Random forests have a built-in cross-validation estimate: each tree is trained on ~63% of data; the remaining 37% (out-of-bag, OOB) estimates performance without a held-out set. ranger(outcome ~ ., data = train)$prediction.error gives the OOB error directly. For large datasets, OOB error is faster to compute than k-fold CV and gives a reliable estimate of generalization performance.

Tree ensembles and the bias-Variance tradeoff

Random forests are an ensemble method that reduces prediction error by combining many weak learners, individual decision trees, into one strong learner. Each tree has high variance: a tree trained on slightly different data produces a different structure and different predictions. By averaging predictions from many trees trained on bootstrapped samples, random forests reduce variance without increasing bias. This variance reduction is why ensembles outperform individual trees.

The diversity of trees in the ensemble is critical. If all trees are highly correlated, always splitting on the same features in similar ways, averaging them does not reduce variance much. The random feature selection at each split (considering only a random subset of features rather than all features) is what creates diversity. Trees that differ because they each see different subsets of features disagree more with each other, and their average is more accurate than correlated trees’ average.

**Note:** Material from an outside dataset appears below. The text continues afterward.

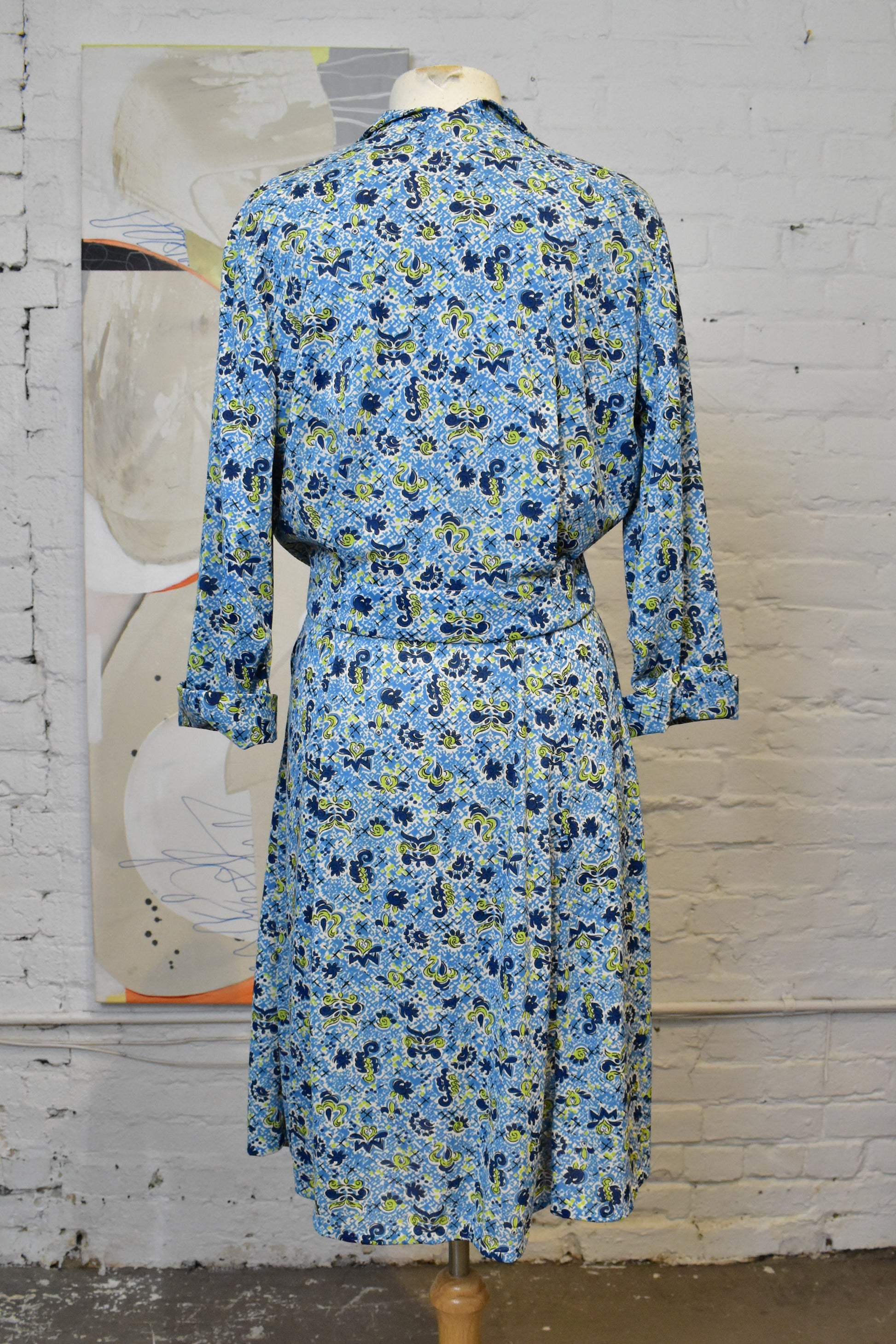 Vintage 1960s Blue Floral Nylon Dress and Jacket. Cropped Jacket Waist with Two Button Closure. Short Sleeved Dress with Sweetheart Neckline. Pleated Skirt. Side Zipper Closure. Unlined.

Implementation choices in R

The randomForest package is the original R implementation, based directly on Breiman’s algorithm. The ranger package is a faster, memory-efficient reimplementation that supports parallel computation and handles larger datasets. The randomForestSRC package adds support for survival outcomes and mixed-type features. For most classification and regression tasks, ranger is the practical choice because it is fast enough to make cross-validation and hyperparameter tuning feasible.

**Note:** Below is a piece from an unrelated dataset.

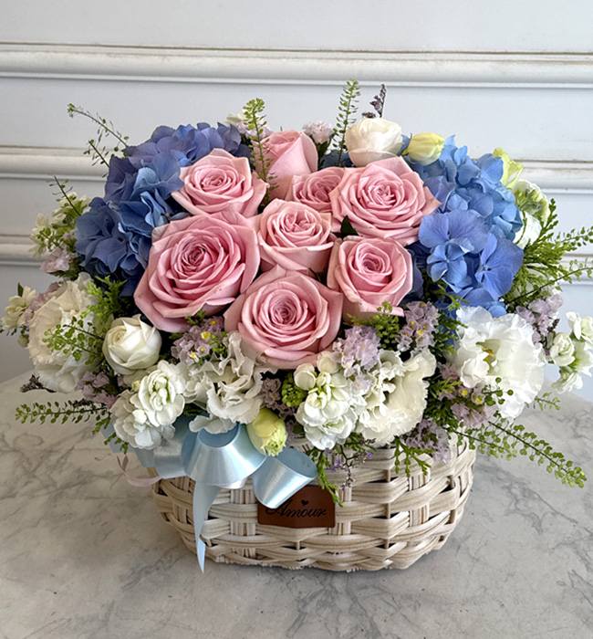 수국 장미 바구니

The tidymodels integration through the ranger engine provides a consistent interface. Setting the number of trees, the mtry parameter, and the minimum node size through tidymodels allows tuning these hyperparameters within a tidymodels workflow alongside preprocessing steps, using the same cross-validation infrastructure.

Interpreting and explaining predictions

Random forests are not inherently interpretable, the prediction comes from averaging hundreds of trees, and there is no single parameter to examine. Permutation-based variable importance provides a global explanation of which features matter most. Partial dependence plots show the marginal relationship between one feature and the predicted outcome, averaging over all other features.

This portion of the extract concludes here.